IT has been a great week for justice, has it not? Saddam Hussein captured and Ian Huntley found guilty of the murder of Holly Wells and Jessica Chapman. Each in his own way has been responsible for acts virtually impossible to contemplate.
Saddam, torturer and mass murderer, who ruled Iraq by fear, found in a hole in the ground, bearded, unkempt, looking for all the world like Ben Gunn, abandoned by Long John Silver on Treasure Island. Huntley, the evil, sexual predator, who ended the lives of two 10-year-olds and went to extraordinary lengths to lie his way out of trouble. He should be found in a hole in the ground, too, but won't as the UK does not endorse the death penalty.
Saddam may well travel the same escape route as international human rights activists are pressing for him to be tried "fairly", a gesture denied the thousands he tortured and executed.
These monsters are behind bars but their influence on people connected with their lives will run and run. In Iraq, the capture of the toppled dictator triggered celebrations in some parts; anger and resentment in others. It would appear that while the majority of Iraqis welcome Saddam's capture, others still loyal to him aren't going to fade away.
Attacks against the Americans daily grow more ferocious and deadly, and the job of rebuilding a united Iraq, already a Herculean task, has not been made easier by Saddam's arrest.
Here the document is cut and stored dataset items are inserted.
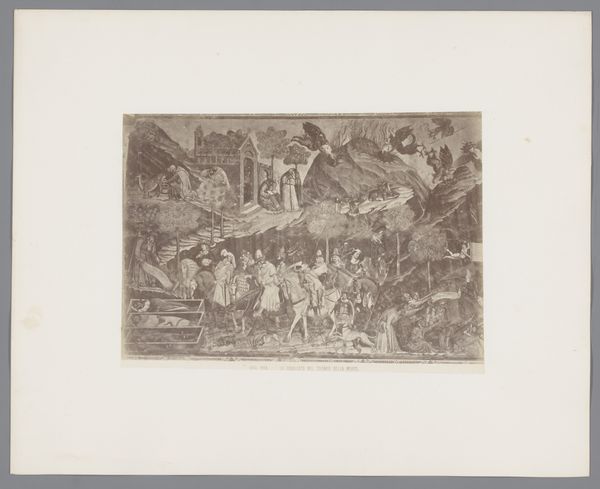 Lucien Pissarro created "Daphnis et Chloe," a wood engraving that uses stark contrasts to render an idyllic scene with figures in a landscape. The composition is densely packed, with figures emerging from a dark background, illuminated by torches. The artist’s use of hatching and cross-hatching creates a rich surface texture, emphasizing the materiality of the woodblock. This textural complexity infuses a sense of depth and movement to the scene. The stark contrast between light and shadow isn’t merely descriptive; it’s a structural device. Pissarro employs it to guide the viewer's eye, creating focal points and shaping the narrative flow. The composition suggests a tension between the classical subject matter and the modern approach to form, inviting us to consider how traditional themes can be reimagined through innovative techniques. Pissarro challenges fixed ideas about pastoral imagery.
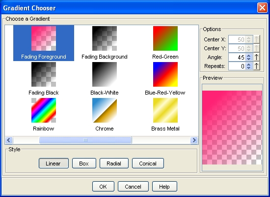 Click on the images below for full size pictures of the gradient and texture pickers.
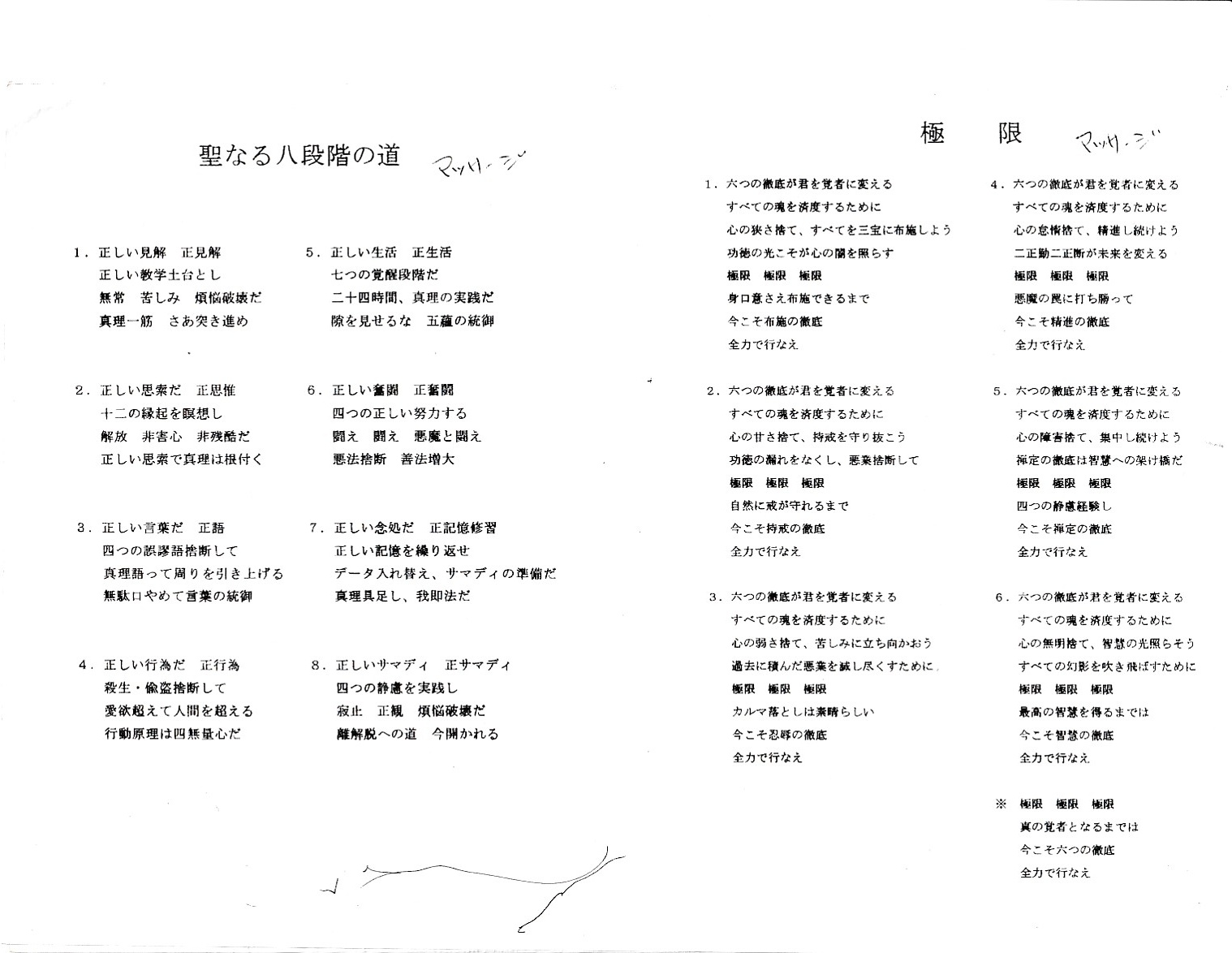 オウム真理教の歌詞カード(「覚者」踊りつき)

Where will he be tried? Who will sit in judgment? Surely it has to be the Iraqis, as it was they whom he terrorised; their country he ruined. But what about those still loyal to him. Will they make an effort to derail the judicial process; even try some daring attempt to free him, using hostages to barter?
I shouldn't think anyone will care if Ian Huntley rots in jail but subsequent revelations of the appalling errors which allowed this violent man with a history of sexual attacks to be employed as a caretaker at a village school demand some serious questions to be answered.
On his native Humberside, Huntley came to the notice of the police on no fewer than TEN occasions for alleged sex offences, including rape, unlawful sex and indecent assault. He was investigated but never convicted. When he applied for the job in Soham, he told people querying his background that he sometimes used his mother's maiden name of Nixon. Cambridgeshire Police say they asked Humberside Police to check their records for both names. Humberside declare they were asked only for Nixon, but that Huntley's alleged sex offences would have expunged from the computers anyway under the Data Protection Act as he had never been convicted. No charges brought would mean details wiped out, thus creating a void where employment vetting was concerned, though one could be forgiven for thinking the name would have rung a few bells in the Humberside cop shops.
Huntley escaped the net and Holly and Jessica died. So how many other Huntleys are there out there? Maybe it has not been such a great week for justice after all.